**Your task**
The records follow. Give them all back exactly.

**Records for the exercise**
------------------------------------------------------------------------

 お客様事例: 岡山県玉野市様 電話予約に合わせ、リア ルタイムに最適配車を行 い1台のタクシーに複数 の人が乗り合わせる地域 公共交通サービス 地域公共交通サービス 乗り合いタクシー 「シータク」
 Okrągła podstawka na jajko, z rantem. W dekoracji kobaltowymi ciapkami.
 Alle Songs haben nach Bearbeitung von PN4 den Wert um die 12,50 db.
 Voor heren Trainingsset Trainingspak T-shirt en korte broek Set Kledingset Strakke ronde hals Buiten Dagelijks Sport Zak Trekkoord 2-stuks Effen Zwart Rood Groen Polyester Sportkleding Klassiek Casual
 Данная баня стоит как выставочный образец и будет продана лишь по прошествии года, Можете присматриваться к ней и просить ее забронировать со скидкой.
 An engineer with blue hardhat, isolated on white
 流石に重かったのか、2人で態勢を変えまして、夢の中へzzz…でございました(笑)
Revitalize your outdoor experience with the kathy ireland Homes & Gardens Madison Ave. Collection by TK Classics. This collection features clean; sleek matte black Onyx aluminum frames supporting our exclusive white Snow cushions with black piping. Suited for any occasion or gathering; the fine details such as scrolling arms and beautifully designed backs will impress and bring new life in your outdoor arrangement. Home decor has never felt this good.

------------------------------------------------------------------------

**Output**
 お客様事例: 岡山県玉野市様 電話予約に合わせ、リア ルタイムに最適配車を行 い1台のタクシーに複数 の人が乗り合わせる地域 公共交通サービス 地域公共交通サービス 乗り合いタクシー 「シータク」
 Okrągła podstawka na jajko, z rantem. W dekoracji kobaltowymi ciapkami.
 Alle Songs haben nach Bearbeitung von PN4 den Wert um die 12,50 db.
 Voor heren Trainingsset Trainingspak T-shirt en korte broek Set Kledingset Strakke ronde hals Buiten Dagelijks Sport Zak Trekkoord 2-stuks Effen Zwart Rood Groen Polyester Sportkleding Klassiek Casual
 Данная баня стоит как выставочный образец и будет продана лишь по прошествии года, Можете присматриваться к ней и просить ее забронировать со скидкой.
 An engineer with blue hardhat, isolated on white
 流石に重かったのか、2人で態勢を変えまして、夢の中へzzz…でございました(笑)
Revitalize your outdoor experience with the kathy ireland Homes & Gardens Madison Ave. Collection by TK Classics. This collection features clean; sleek matte black Onyx aluminum frames supporting our exclusive white Snow cushions with black piping. Suited for any occasion or gathering; the fine details such as scrolling arms and beautifully designed backs will impress and bring new life in your outdoor arrangement. Home decor has never felt this good.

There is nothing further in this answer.